My Model and the training:

def get_cnn_model():
    ecg_input = Input(shape=(7680, 1))
    combined_input = Input(shape=(3,))
    
    mask = Masking(mask_value=-2)(ecg_input)
    
    # (7680, 1)
    conv1 = Conv1D(32, kernel_size=5 , activation='relu')(mask)
    # (7676, 32)
    max1 = MaxPooling1D(2)(conv1)
    # (3838, 32) 
    
    conv2 = Conv1D(64, kernel_size=5, activation='relu')(max1)
    # (3834, 64) 
    max2 = MaxPooling1D(2)(conv2)
    
    # (1917, 64)
    conv3 = Conv1D(128, kernel_size=5, activation='relu')(max2)
    # (956, 128)
    max3 = MaxPooling1D(2)(conv3)
    
    conv_flat = Flatten()(max3)

    x = tf.keras.layers.concatenate([conv_flat, combined_input])
    x = Dense(128, activation='relu')(x)
    x = Dense(64, activation='relu')(x)
    x = Dense(5, activation='softmax')(x)

    output = x

    model = Model(inputs=[ecg_input, combined_input], outputs=output)
    model.summary()
    model.compile(optimizer='adam', loss='sparse_categorical_crossentropy', metrics=['accuracy'])

model = get_cnn_model()

early_stopping = EarlyStopping(monitor='val_loss', patience=1, restore_best_weights=True)
with tf.device('/device:GPU:0'):
    history = model.fit(train_ds, epochs=10 , validation_data=validation_ds, steps_per_epoch = train_steps_per_epoch, validation_steps = val_steps_per_epoch, callbacks=[early_stopping])

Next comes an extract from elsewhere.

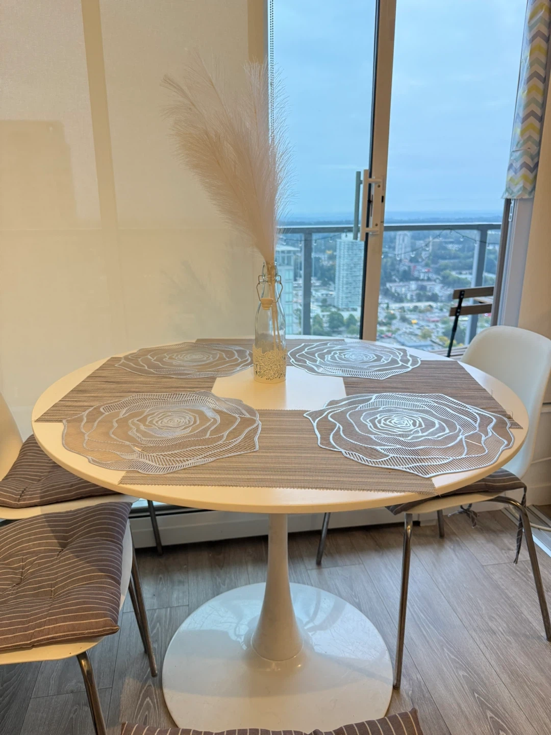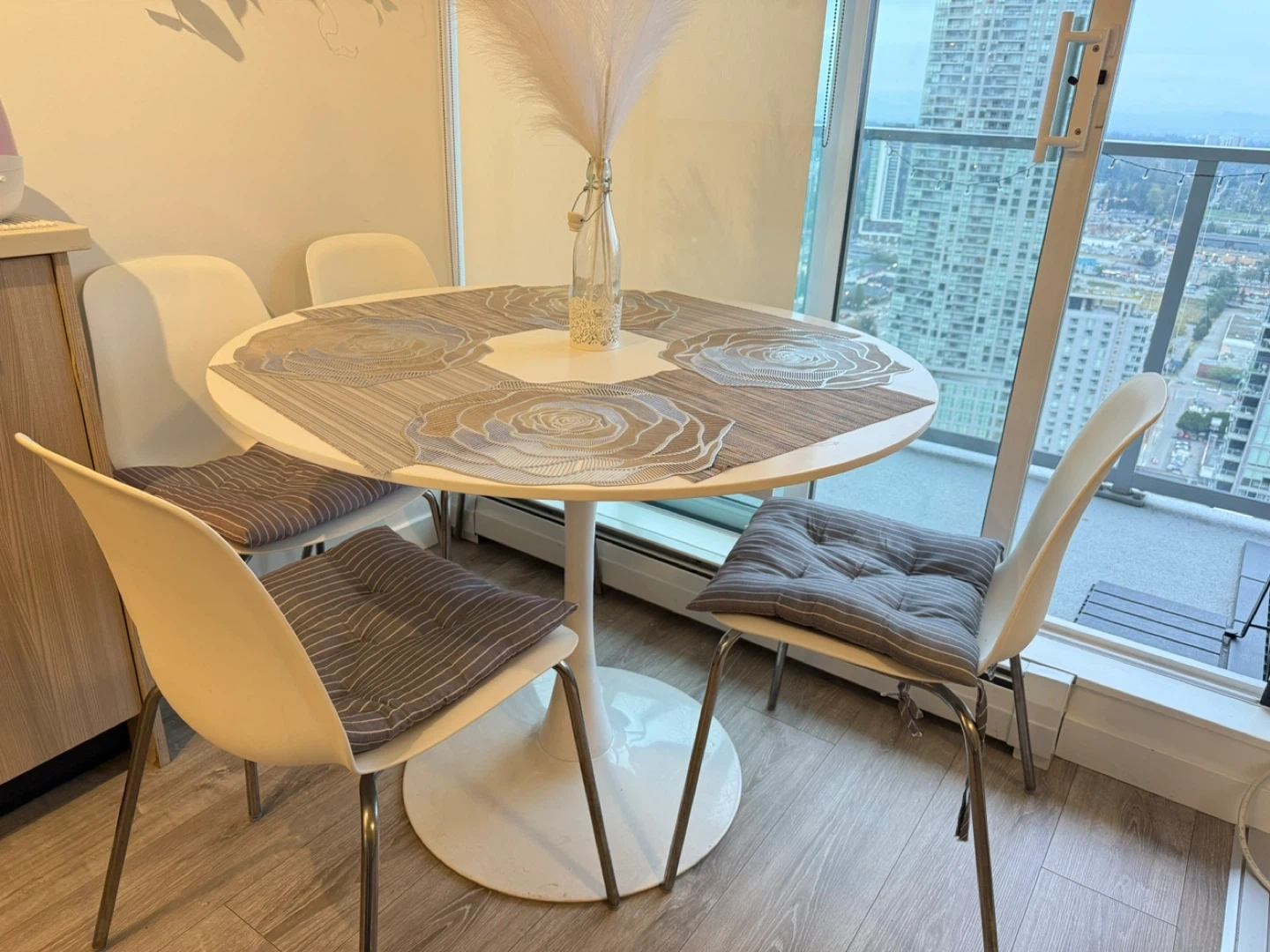 10Upgrade your dining space with this stylish and contemporary dining set โ perfect for apartments, condos, or cozy dining areas! ๐ช Includes: โข 1 round white dining table from Wayfair (sturdy pedestal base, sleek modern design) โข 4 white dining chairs from IKEA (comfortable molded seats with grey striped cushions included) โจ Condition: Excellent โ gently used, well-maintained, and from a smoke-free, pet-free home. ๐๏ธ Style: Minimalist, modern, and perfect for small spaces with a bright, clean look. ๐ Table dimensions: Approx. 40โ (102 cm) diameter

I hope there is something to improve and to speed things up.

Hi @Timus, Could you please confirm does your training data was video or not. Also you have applied a repeat method on the train,test,val datasets and calculated the value for steps per epoch. may I know the value of the total_records = count_records_in_pkl_files(pkl_dir) . Thank You.

Hi @Kiran_Sai_Ramineni, thanks for your reply! So the training data is not video, it is an ECG signal which is sampled at 265Hz so 7680 datapoints for each 30 second epoch. The value for the total records is 1.926.174 which are 30 second epochs, each with a ecg signal of a length 7680 and the three other features (relative_time, relative_position, activity_normalized) each float values of length 1.

Hi @Timus, As there are a total of 1926174 records and you have considered the 80 for training which will be 1540939 and train_steps_per_epoch will be 3852. As there are more records for training i think will take more time per epoch. Thank You.